In recognition of her professional work and community service, Nájera was named a Columbus 40 under 40 in 2014 by Business First. She was inducted to the Noble Order by Alpha Psi Lambda, Inc., in 2015, and recognized by the Office of Diversity and Inclusion at Ohio State in 2017 with the Distinguished Latinx Service Award.
New Leader Award
The New Leader award is granted to alumni who are age 36 or younger and have already made significant professional accomplishments. Recipients of this award show great promise for continuing their contributions to their professions, the college, and society.
’09 MA, Quantitative Research, Evaluation and Measurement; ’12 PhD, Educational Psychology
DeLeon Gray is CEO of Black and Belonging and an associate professor of educational psychology and equity at North Carolina State University, where he has developed three new doctoral courses on School Belonging, Equity-Focused Quantitative Methods and Community-Engaged Approaches to Educational Research. He is enthusiastic about working jointly with education stakeholders to disrupt structural aspects of schooling environments that leave historically marginalized student groups vulnerable to anxieties about belonging.
His research is recognized by prestigious honors, including the Research on Socially and Economically Underrepresented Populations Award (RISE-UP) from the Association for Psychological Science and a 2018 Best Article Award for his collaborative publication, "Black and Belonging at School: A Case for Interpersonal, Instructional, and Institutional Opportunity Structures," in Educational Psychologist.
Gray has been establishing a national presence for his research, mentoring and outreach activities. To date he has secured more than $2.5 million in federally funded research grants as principal investigator or co-principal investigator. The overarching aim of his grant-funded community work is to amplify the voices of young people and support their motivation to achieve for the sake of racial progress and social uplift.
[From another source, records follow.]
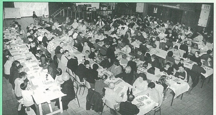
Loto du foot : l'affluence derrière les grilles.

Mme Anne-Marie MARTIGNAC © 05 45 67 84 88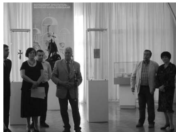
Рис. 3. Урочисте відкриття виставки «Володимир Хреститель – Великий князь Київський» 14 липня 2015р. Директор ІА НАНУ, академік П. П. Толочко розповідає про новітні археологічні дослідження на території Десятинної церкви.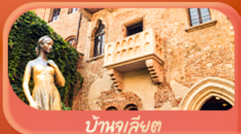
บ้านลูเลียง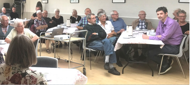
Et par stemningsbilleder fra Landsby Postens 40-års jubilæum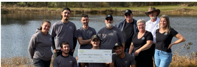
CATÉGORIE 1 À 15 EMPLOYÉS : CANDIDE VILLENEUVE PAYSAGISTE

Initiative : Pour développer davantage la synergie au sein de son équipe, l'entreprise Candide Villeneuve Paysagiste a organisé des activités conviviales sur les lieux de travail, notamment à l'heure du dîner, avec des barbecues et des jeux comme le volleyball. De plus, des sorties de groupe ont permis aux employés de se retrouver en dehors du cadre professionnel. Les liens tissés pendant la saison perdurent grâce, entre autres, à des activités hors saison durant l'hiver.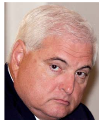
Presidente Ricardo Martinelli.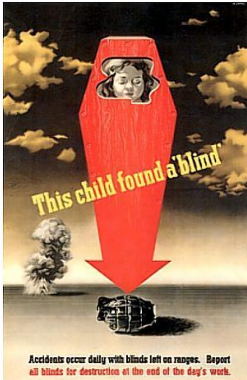
Slika 2. „This child found a blind“, 1943., Abram Games

poprima oblik strijelice koja je usmjerena prema granati. Ovim plakatom Games je htio utjecati na odgovorne (vojnike) i potencijalne žrtve (javnost i djecu). 26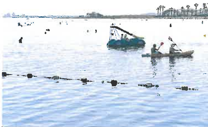
Redes antimedusas en una playa de Cartagena.

A juicio del secretario general del PSRM-PSOE, el Gobierno regional no está cumpliendo sus competencias porque sus dirigentes «están en otros temas», como «salvar sus puestos» y «quedar bien con Génova», en referencia al nuevo presidente del Partido Popular, Alberto Núñez Feijóo.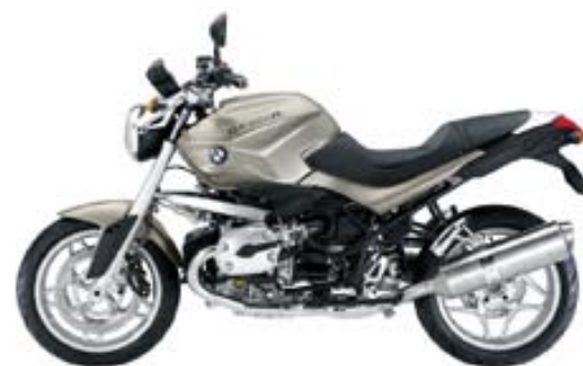
gris cristal métal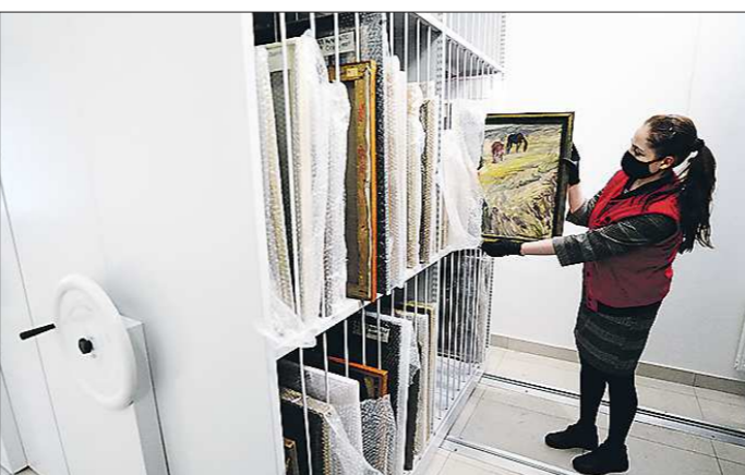
Часть экспонатов уже перевезли в новое хранилище. Но основная работа ещё впереди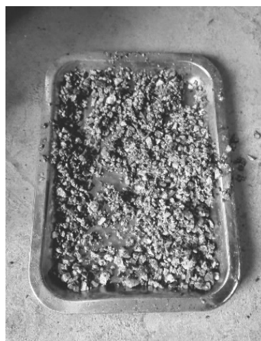
图4 模拟破碎地层所用砂石

For Gray and his team, centering community engagement has resulted in several (intended and unintended) impacts for both his partnering schools in Durham, NC, including:
- Developing new equity-focused methodological approaches for assessing belonging-centered instructional practices
- Developing a graduate recruitment pipeline of equity-focused graduate students who were attracted to our community-engaged activities and who have chosen to support their same school district as community-engaged scholars while pursuing doctoral degrees
Black Enterprise featured Gray as one of 100 men of color who are "living up to a standard of excellence and using their talents and influence in their respective industries to shift the perception of men of color to create and encourage a positive narrative."
Most recently, he received the Change Agent Award of Appreciation from St. Augustine’s University in Raleigh, NC, for his community-engaged scholarship in predominantly Black K-12 schools. He recently served as a Scholar in Residence in the College of Education, Michigan State University. He earned his Bachelor of Arts in Interdisciplinary Studies from the University of Maryland-Baltimore County.